## Supplied data
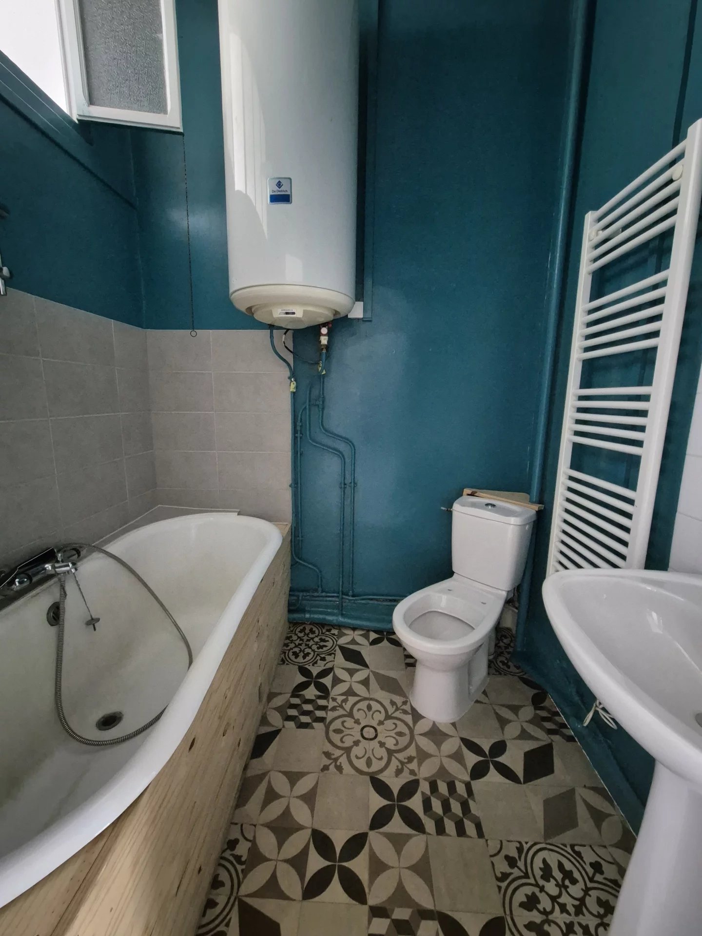 Au 1er étage : un appartement T3 (68 m² hab.) avec petit balcon et un appartement T2 (58 m² hab.) qui est le seul logement occupé par un locataire pour un loyer mensuel de 430 €.
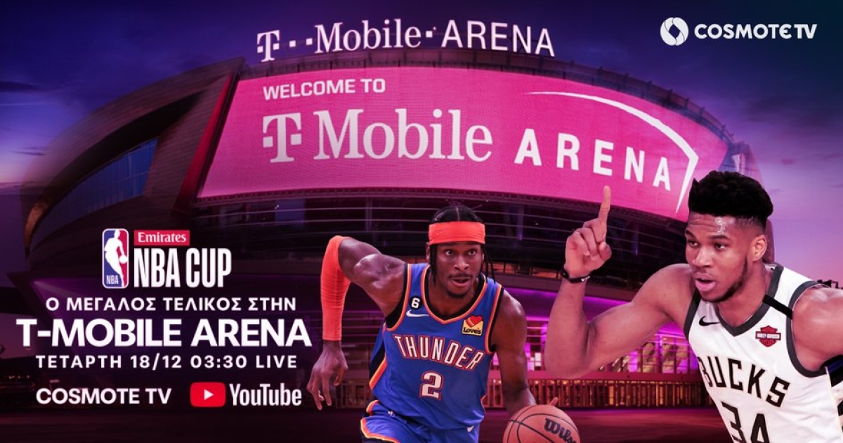 Ο μεγάλος τελικός του Emirates NBA Cup ανάμεσα στους Μπακς του Γιάννη Αντετοκούνμπο και τους Θάντερ έρχεται ζωντανά στην COSMOTE TV, τα ξημερώματα της Τετάρτης 18/12 (03.30), στην φαντασμαγορική T-Mobile Arena του Λας Βέγκας. Ο αγώνας θα μεταδοθεί ζωντανά από το COSMOTE SPORT 4HD και ταυτόχρονα από το YouTube κανάλι της COSMOTE TV.
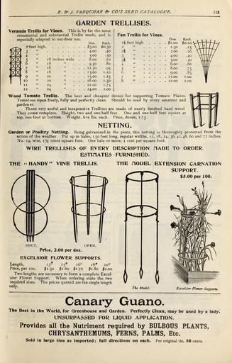 | Keywords: Farquhar's catalogue of seeds 1901 (16395996588).jpg HADE TO ORDER <br> ESTIflATES FURNISHED <br> THE ˘ ˘HANDY VINE TRELLIS <br> THE flODEL EXTENSION CARNATION <br> SUPPORT <br> 3 00 per J 00 <br> SHUT <br> OPEN <br> Price 2 00 per doz <br> EXCELSIOR FLOWER SUPPORTS <br> Length <br> Price per 100 <br> 13 15 16 18 <br> 1 50 i~6o 1 70 1 80 2 00 <br> Two lengths are necessary to form a complete Excel- <br> sior Flower Support When ordering state the two <br> required sizes The prices quoted are the single length <br> only <br> 1 1 <br> The Model <br> Excelsior Flower Support <br> Canary Guano <br> The Best in the World for Greenhouse and Garden Perfectly Clean may be used by a lady <br> UNSURPASSED FOR LIQUID APPLICATION <br> Provides all the Nutriment required by BULBOUS PLANTS <br> CHRYSANTHEMUMS FERNS PALMS Etc <br> Sold in large tins as imported; full directions on each Per original tin 50 cents 42284112 133538 66475 Text http //www biodiversitylibrary org/page/42284112 1901 10 5962/bhl title 66475 Henry G Gilbert Nursery and Seed Trade Catalog Collection ; R J Farquhar Company Biodiversity Heritage Library Farquhar's catalogue of seeds 1901 plants bulbs fertilizers tools sundries / Garden Stories Aquatic plants Bedding plants Boston Catalogs Climbing plants Equipment and supplies Flowers Fruit Gardening Massachusetts Nurseries Horticulture Nursery stock Perennials R J Farquhar Company Seeds Shrubs Trees Vegetables U S Department of Agriculture National Agricultural Library bhl page 42284112 dc identifier http //biodiversitylibrary org/page/42284112 bhlGardenStories garden Tools BHLinbloom nurseries horticulture r j farquhar company u s department of agriculture national agricultural library bhlgardenstories garden tools bhlinbloom Information field Flickr posted date ISOdate 2015-02-19 CC-BY-2 0 BioDivLibrary https //flickr com/photos/61021753 N02/16395996588 2015-08-24 02 52 02 cc-by-2 0 PD-old-70-1923 Aquatic plants Bedding plants Climbing plants Farquhar's catalogue of seeds 1901 Photos uploaded from Flickr by Fæ using a script |

## Task goal
Reproduce all the data as it stands. The pictures are not part of the copy.

## Task answer
 Au 1er étage : un appartement T3 (68 m² hab.) avec petit balcon et un appartement T2 (58 m² hab.) qui est le seul logement occupé par un locataire pour un loyer mensuel de 430 €.
 Ο μεγάλος τελικός του Emirates NBA Cup ανάμεσα στους Μπακς του Γιάννη Αντετοκούνμπο και τους Θάντερ έρχεται ζωντανά στην COSMOTE TV, τα ξημερώματα της Τετάρτης 18/12 (03.30), στην φαντασμαγορική T-Mobile Arena του Λας Βέγκας. Ο αγώνας θα μεταδοθεί ζωντανά από το COSMOTE SPORT 4HD και ταυτόχρονα από το YouTube κανάλι της COSMOTE TV.
 | Keywords: Farquhar's catalogue of seeds 1901 (16395996588).jpg HADE TO ORDER <br> ESTIflATES FURNISHED <br> THE ˘ ˘HANDY VINE TRELLIS <br> THE flODEL EXTENSION CARNATION <br> SUPPORT <br> 3 00 per J 00 <br> SHUT <br> OPEN <br> Price 2 00 per doz <br> EXCELSIOR FLOWER SUPPORTS <br> Length <br> Price per 100 <br> 13 15 16 18 <br> 1 50 i~6o 1 70 1 80 2 00 <br> Two lengths are necessary to form a complete Excel- <br> sior Flower Support When ordering state the two <br> required sizes The prices quoted are the single length <br> only <br> 1 1 <br> The Model <br> Excelsior Flower Support <br> Canary Guano <br> The Best in the World for Greenhouse and Garden Perfectly Clean may be used by a lady <br> UNSURPASSED FOR LIQUID APPLICATION <br> Provides all the Nutriment required by BULBOUS PLANTS <br> CHRYSANTHEMUMS FERNS PALMS Etc <br> Sold in large tins as imported; full directions on each Per original tin 50 cents 42284112 133538 66475 Text http //www biodiversitylibrary org/page/42284112 1901 10 5962/bhl title 66475 Henry G Gilbert Nursery and Seed Trade Catalog Collection ; R J Farquhar Company Biodiversity Heritage Library Farquhar's catalogue of seeds 1901 plants bulbs fertilizers tools sundries / Garden Stories Aquatic plants Bedding plants Boston Catalogs Climbing plants Equipment and supplies Flowers Fruit Gardening Massachusetts Nurseries Horticulture Nursery stock Perennials R J Farquhar Company Seeds Shrubs Trees Vegetables U S Department of Agriculture National Agricultural Library bhl page 42284112 dc identifier http //biodiversitylibrary org/page/42284112 bhlGardenStories garden Tools BHLinbloom nurseries horticulture r j farquhar company u s department of agriculture national agricultural library bhlgardenstories garden tools bhlinbloom Information field Flickr posted date ISOdate 2015-02-19 CC-BY-2 0 BioDivLibrary https //flickr com/photos/61021753 N02/16395996588 2015-08-24 02 52 02 cc-by-2 0 PD-old-70-1923 Aquatic plants Bedding plants Climbing plants Farquhar's catalogue of seeds 1901 Photos uploaded from Flickr by Fæ using a script |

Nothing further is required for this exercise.